Wednesday, 27 June 2012

Socio-emotional support of apprentices during the school-to-work transition

Karin Du Plessis and Tim Corney,(Incolink, Melbourne, Australia) and Robyn Broadbent and Theo Papadopoulos (Victoria University, Melbourne, Australia) published in Education + Training Volume 54 Issue 5 (2012)


The aim of the paper is to locate the role of social and emotional support during the school-to-work transitions of apprentices, within the Australian vocational education and training context.
The research reported here is based on an independent evaluation of an apprentice suicide prevention and support program. This program has been implemented in rural and regional Australia, and findings highlight the program’s retention of key messages in the long-term (i.e. 6 months to 2 years post-completion). The work is based on both quantitative questionnaires from 119 apprentices as well as 18 face-to-face interviews.
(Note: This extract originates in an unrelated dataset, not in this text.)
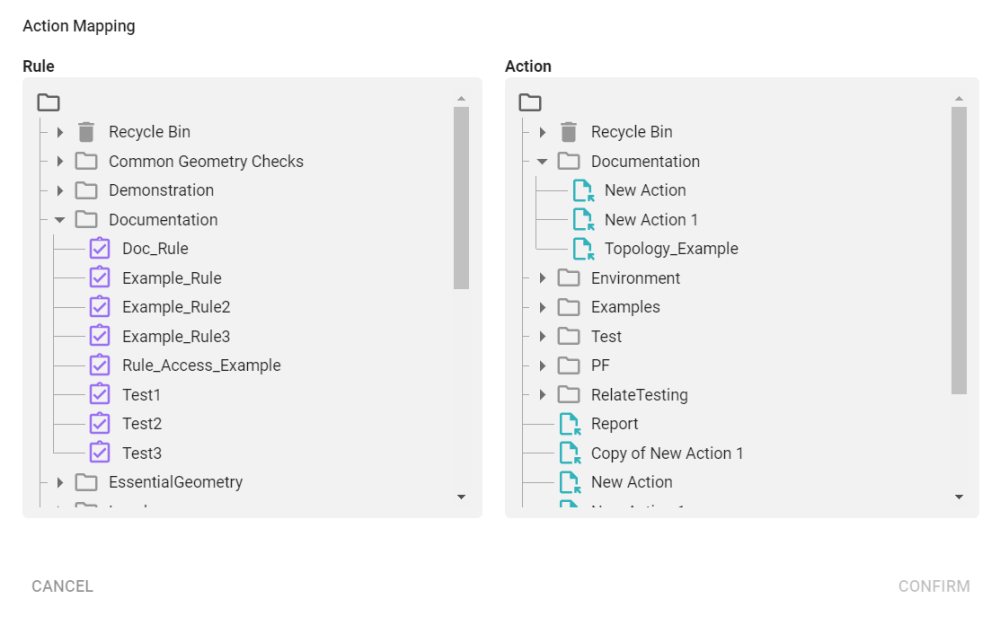 Action Maps are used to connect an Actions to Rules in pairs, so that Actions can be invoked when a feature is found that does not conform to a particular Rule.

The research showed that apprentices’ resilience to face school-to-work transitional challenges can be enhanced by increasing knowledge of suicide risk factors and sources of social and emotional support had increased. Findings indicate that a number of apprentices had made significant changes in their lives as a result of participating in the program. While 10 per cent of apprentices identify as “socially isolated”, it was encouraging to note that peer support, as a result of the program, can be considered an informal referral point to formal help-provision and support.
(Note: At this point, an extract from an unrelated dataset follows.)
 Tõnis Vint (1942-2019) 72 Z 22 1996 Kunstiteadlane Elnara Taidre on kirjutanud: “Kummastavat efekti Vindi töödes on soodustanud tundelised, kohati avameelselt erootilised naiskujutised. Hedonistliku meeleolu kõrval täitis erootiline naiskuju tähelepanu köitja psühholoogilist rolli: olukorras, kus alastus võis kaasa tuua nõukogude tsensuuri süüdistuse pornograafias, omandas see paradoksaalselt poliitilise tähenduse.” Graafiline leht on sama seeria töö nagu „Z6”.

Research limitations/implications
While the program has been successfully applied to building and construction industry apprentices, there is overlap in school-to-work transition issues of other types of apprenticeships/traineeships; this merits consideration of wider application of apprentice support programs within the Australian vocational education sector.
This paper draws together a focus on school-to-work vulnerabilities and social-emotional support (similar to that found in youth development programs) as it can be applied to the vocational education and training sector.